A laborer making cement at a hospital being rebuilt by British forces in Basra, in southern Iraq. He earns just a few dollars a day but is lucky to have a job at all.
Orphans serenade British Army Captain Stephen Morte in Basra. Using American money, the facility has launched a business providing sewing classes to women.
The British military certainly deserves some credit for recently bringing microfinance to the vanguard of the coalition's strategy. But CHF International, a Maryland-based nonprofit, launched the first microfinance program in Iraq in the summer of 2003 and has been quietly working at it, often alone, ever since. CHF operates in crowded marketplaces and on sweltering streets lined with struggling small businesses. Taking money from private investors and the United States Agency for International Development (USAID), the federal agency responsible for nonmilitary aid worldwide, its people work at great risk. They reach even lower than the military financiers do, to the foundation of the Iraqi economy--individual butchers, tailors, barbers, and seamstresses. "Iraqis are entrepreneurial people," says Elissa McCarter, a CHF director in the Washington area. "With access to [finance], they are able to generate a stream of income to support themselves and their families, and, to a certain degree, increase employment for others as businesses grow."
Since May 31, 2006, CHF's Access to Credit Services Initiative has lent more than $43 million to more than 16,000 people in south and south-central Iraq. Kadija Al-Salam, a nurse in the town of Mukaradeeb, is one them. Neighbors often asked Al-Salam (not her real name) to help deliver their babies, and she decided to open a clinic so she could do more. She received a small loan from ACSI to increase the number of available beds to three and to purchase new equipment.
To an optimist, Basra is the soil in which microfinance might take root and eventually spread. Morte is one of those optimists.
Acknowledging CHF's success and microfinance's potential, James Baker's Iraq Study Group--the brain trust exploring new options in Iraq--recently consulted with Richard Hill, the firm's director of strategic initiatives and analysis.
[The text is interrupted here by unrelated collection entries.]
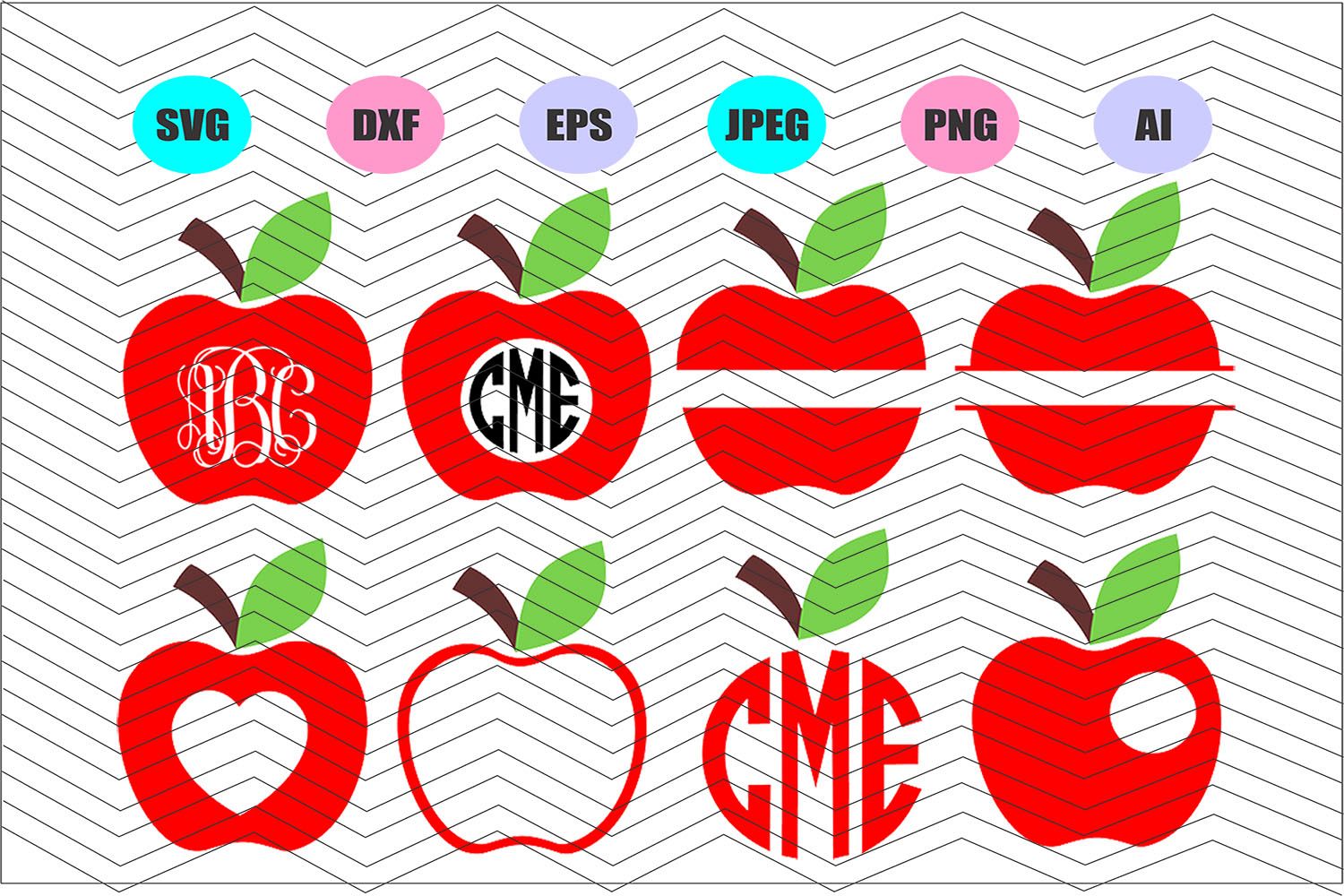 Apple Svg, Apple monogram Svg Dxf Eps Png Jpg Ai Cut Vector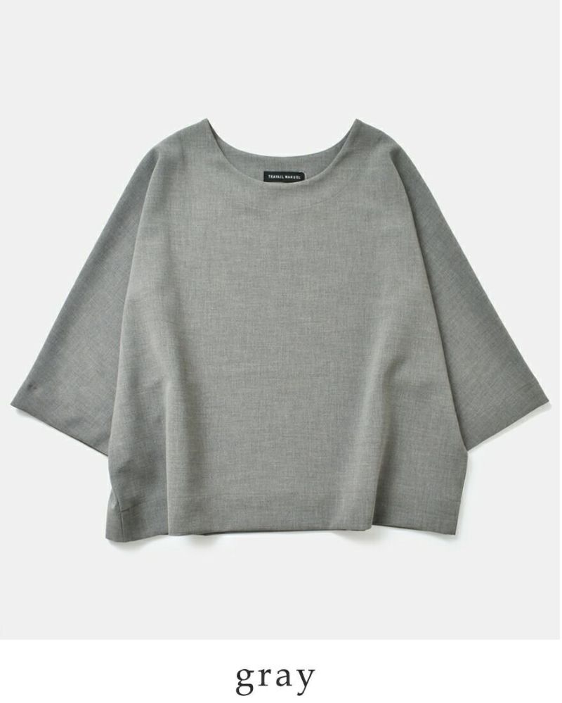 TRAVAIL MANUEL(トラバイユマニュエル)より、ダブルクロスTブラウスをご紹介します。ほのかな光沢が上品なダブルクロスがフォーマルシーンにぴったりなブラウスです。ボタンもファスナーもないプルオーバータイプのトップスで、ゆったりと着られる楽な着心地が魅力。入学式・卒業式・結婚式などの冠婚葬祭はもちろん、休日の日のおでかけや、普段の装いにも着られて、オンオフ問わず活躍してくれます。同素材のパンツもご用意があり、セットアップで合わせていただくと、雰囲気のあるオケージョンスタイルをお楽しみ頂けます。
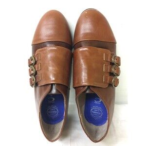 JEFFREY CAMPBELL WOMEN BROWN LOW HEEL LEATHER SHOES WITH BUCKLE DETAILS SIZE 6M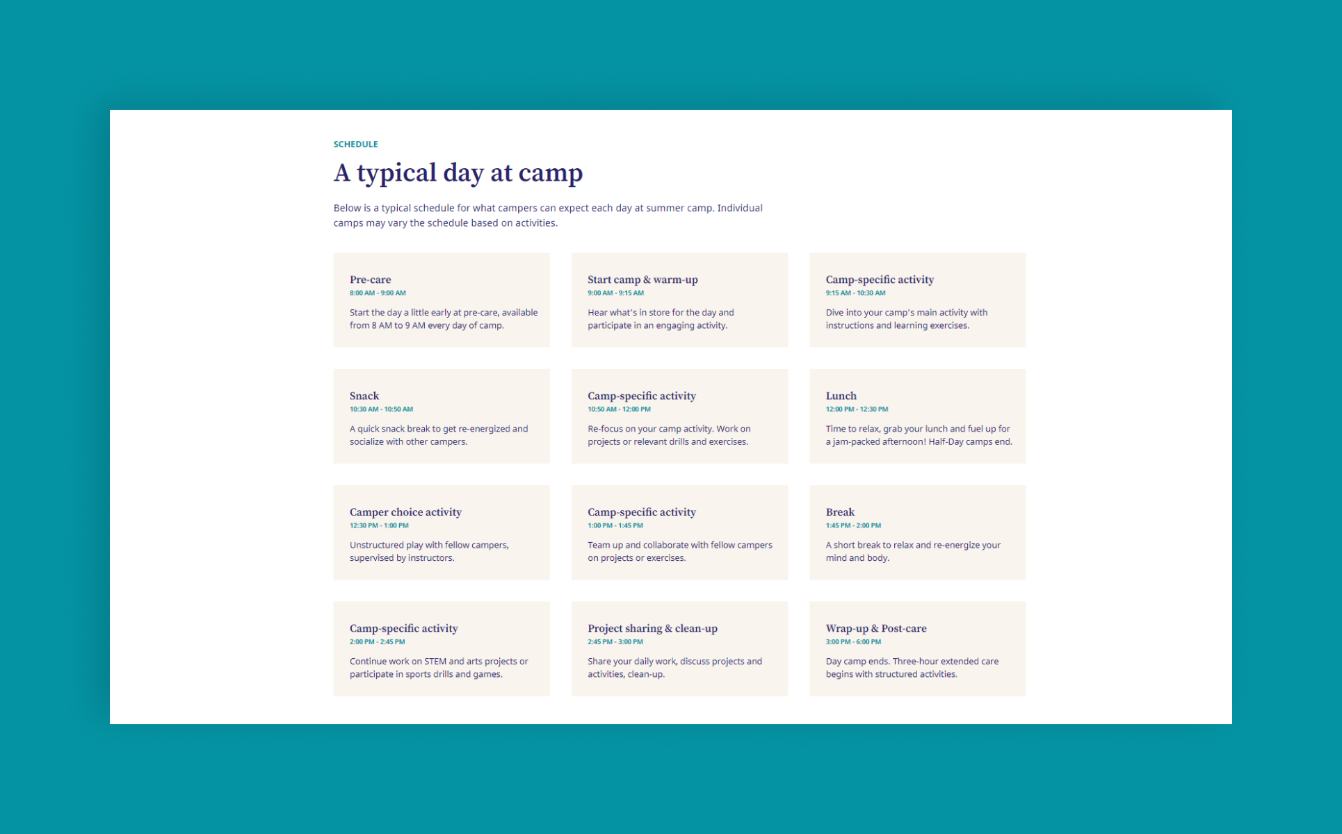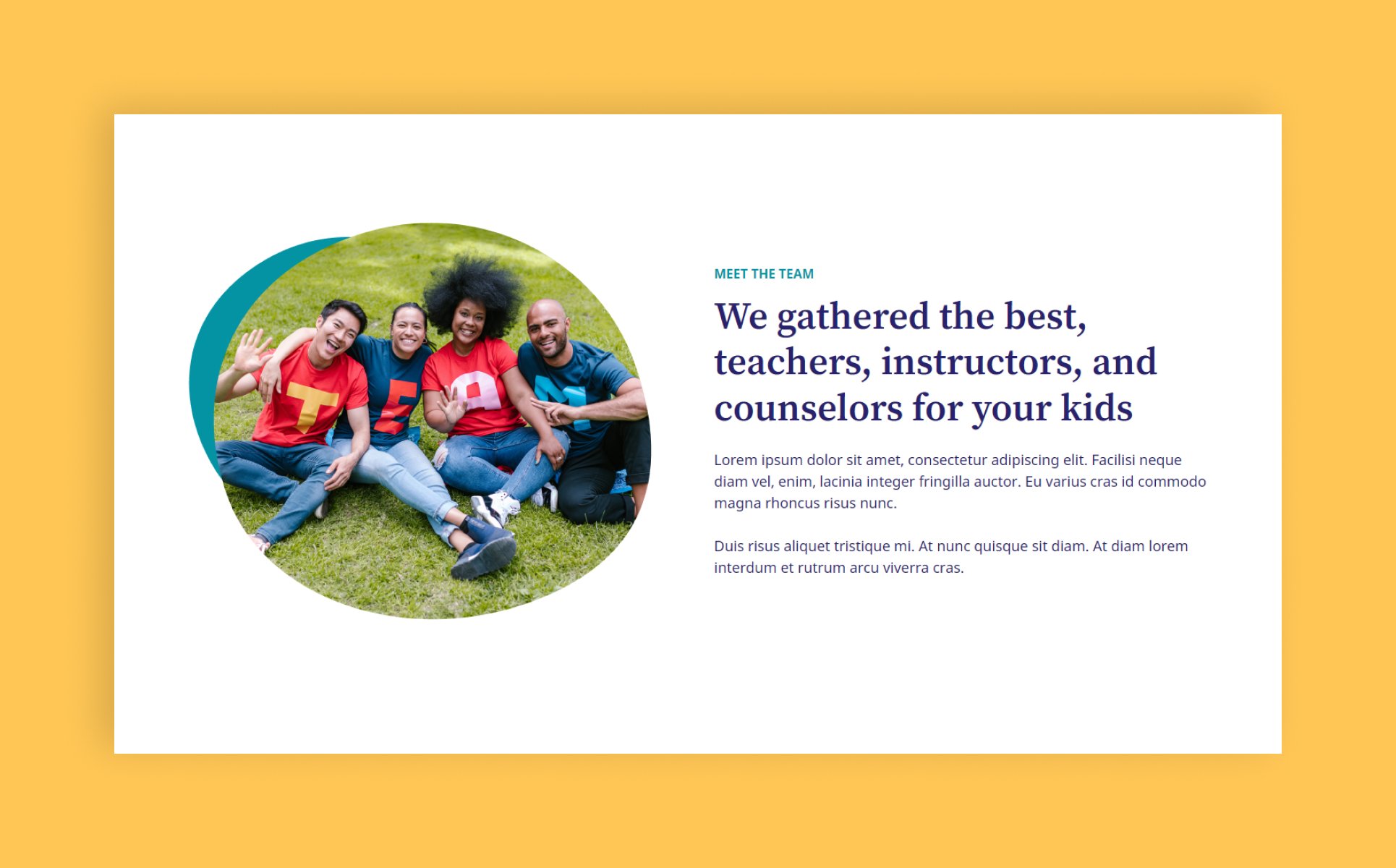 Talking about content, we should mention that our template is multipage. It contains a variety of pre-developed pages suitable for diverse purposes that any summer camp has. The Gold Arrow summer camp HTML5 website template has pages where you can tell more about your camp and its team. Also, you can post featured photos from the life of your camp via the Gallery page. Last but not least, our template has a separate Schedule page. It can be useful to parents who are looking for more information about your camp.

As a rule, though, microfinance is designed to foster slow, incremental improvement in a relatively stable environment. "Not a day goes by that our operations are not negatively affected by the security situation," McCarter says. "Violence leads to work stoppages both for our clients and for our own operations due to curfews, road closures, destruction of client businesses, deaths, bank closures, etc." CHF now relies almost entirely on locally hired staff in Basra; Westerners are just too vulnerable to murder and kidnapping. Even McCarter concedes that the company's efforts are only "scratching the surface" of the problem.
Indeed, it's possible, given the pace of deterioration in Baghdad, that microfinance is simply too little too late. "It's [best] in that initial period after a conflict where you've got goodwill and general acceptance of new ideas," says the International Crisis Group's Templer, who has studied microfinance in conflict zones such as Afghanistan. "It all diminishes very rapidly. If you don't seize the moment, you miss an opportunity."
But Basra isn't Baghdad. The violence here represents a power struggle between Shiite factions rather than the seeds of a Sunni--Shiite civil war. So while to a pessimist, even the most successful Baswari finance operation is irrelevant as long as Baghdad burns, to an optimist, this is the soil in which microfinance might take root and eventually spread.
Morte is one of those optimists. Back in his office after visiting the orphanage, Morte grabbed an envelope stuffed with $30,000 and headed to a decaying park at the edge of the base. There, three Iraqis waited: the son of a dominant Baswari tribal leader, the son's business partner, and an interpreter.
Some months earlier, Morte's commander, Bowron, had resolved to strengthen the British presence in their neighborhood, Qarmat Ali, one of the most dangerous in Basra. But knowing that a frontal assault would have sparked a general uprising, he'd decided to retake Qarmat Ali with a little cash. So he sent Morte out to find the sheik's son and offer him the chance to bid on a contract to rebuild curbs in the town on behalf of the local government--work that required a dozen laborers per day.
With every payment Morte subsequently rendered, he sensed a change. In October, Morte mentioned to the sheik's son, almost casually, that the British Army was thinking of returning to Qarmat Ali: "Will we be welcomed?"
The son touched his chest in a sign of respect. Yes, he said. "The sheiks of the area are very happy, because you've done good work here."